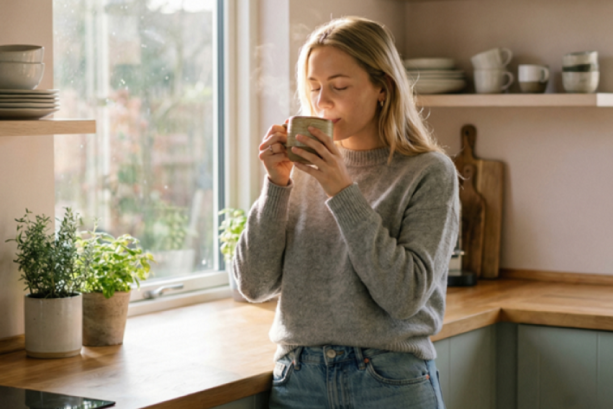 „Ја сакам својата утринска рутина – ме подготвува за одличен ден!“, напишала таа во описот на видеото.
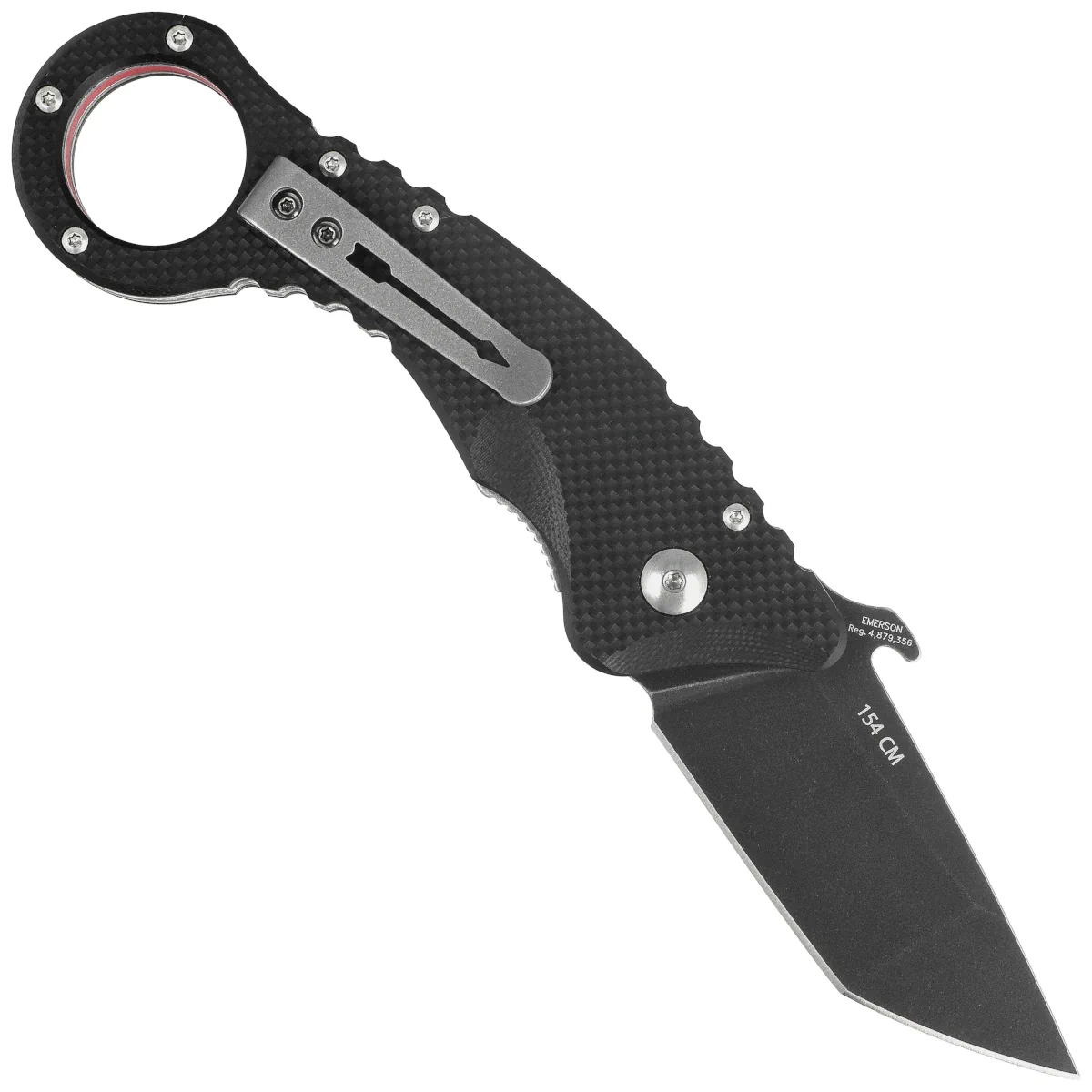 Ronin Shoto Black G10, Black TiN to wyrafinowany nóż składany typy karambit o taktycznym charakterze, zaprojektowany przez Tu Lama z Ronin Tactics. Głownię w stylu tanto wykonano z wysoce odpornej stali CPM 154CM, cenionej za doskonałą trwałość ostrza i wysoką odporność na korozję. Grubość krawędzi tnącej umożliwia zarówno precyzyjne cięcie, jak i przebijanie, co sprawia, że ten model idealnie sprawdza się podczas wymagających zadań zarówno w warunkach polowych, jak i miejskich. Rękojeść wykonana z kompozytu G10 o specjalnej fakturze zapewnia pewny i stabilny chwyt w każdych okolicznościach. Została zaprojektowana tak, aby doskonale leżała w dłoni, niezależnie od warunków użytkowania. Mechanizm otwierania Emerson Wave gwarantuje natychmiastową gotowość do działania — ostrze wysuwa się w ułamku sekundy podczas wyjmowania noża z kieszeni, co czyni go niezwykle skutecznym w sytuacjach awaryjnych.
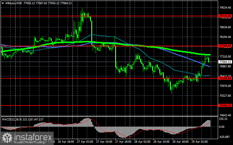 Что касается технической картины Bitcoin, то покупатели сейчас нацелены на возврат уровня $77 700, который открывает прямую дорогу на $79 100, а там уже и рукой подать до уровня 80 900. Самой дальней целью выступит максимум в районе $83 100, преодоление которого будет означать попытки возврата бычьего рынка. В случае падения биткоина покупателей жду на уровне $76 300. Возврат торгового инструмента под эту область может быстро свалить BTC в район $75 000. Самой дальней целью будет область $73 100.
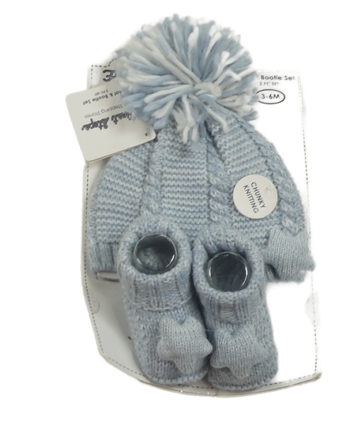 Nové - 2set - Světlemodro-biela melírovaná čapica s bambulí + pletené cápačky s hviezdami
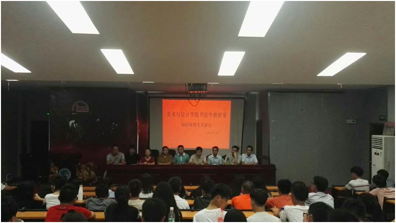919日晚七点半,美术与设计学院书法学教研室举行2017级师生见面会。出席本次会议的有美术与设计学院党总支书记谢光绎书记,党总支副书记易俊副书记,书法教研室全体老师及2017级书法学全体学生。

Problem description -
Retype, please, exactly the lines that begin with the one containing "Nové - 2set" and end at the last line of the entries above, both included, leaving out pictures.

Response box -
 Nové - 2set - Světlemodro-biela melírovaná čapica s bambulí + pletené cápačky s hviezdami
919日晚七点半,美术与设计学院书法学教研室举行2017级师生见面会。出席本次会议的有美术与设计学院党总支书记谢光绎书记,党总支副书记易俊副书记,书法教研室全体老师及2017级书法学全体学生。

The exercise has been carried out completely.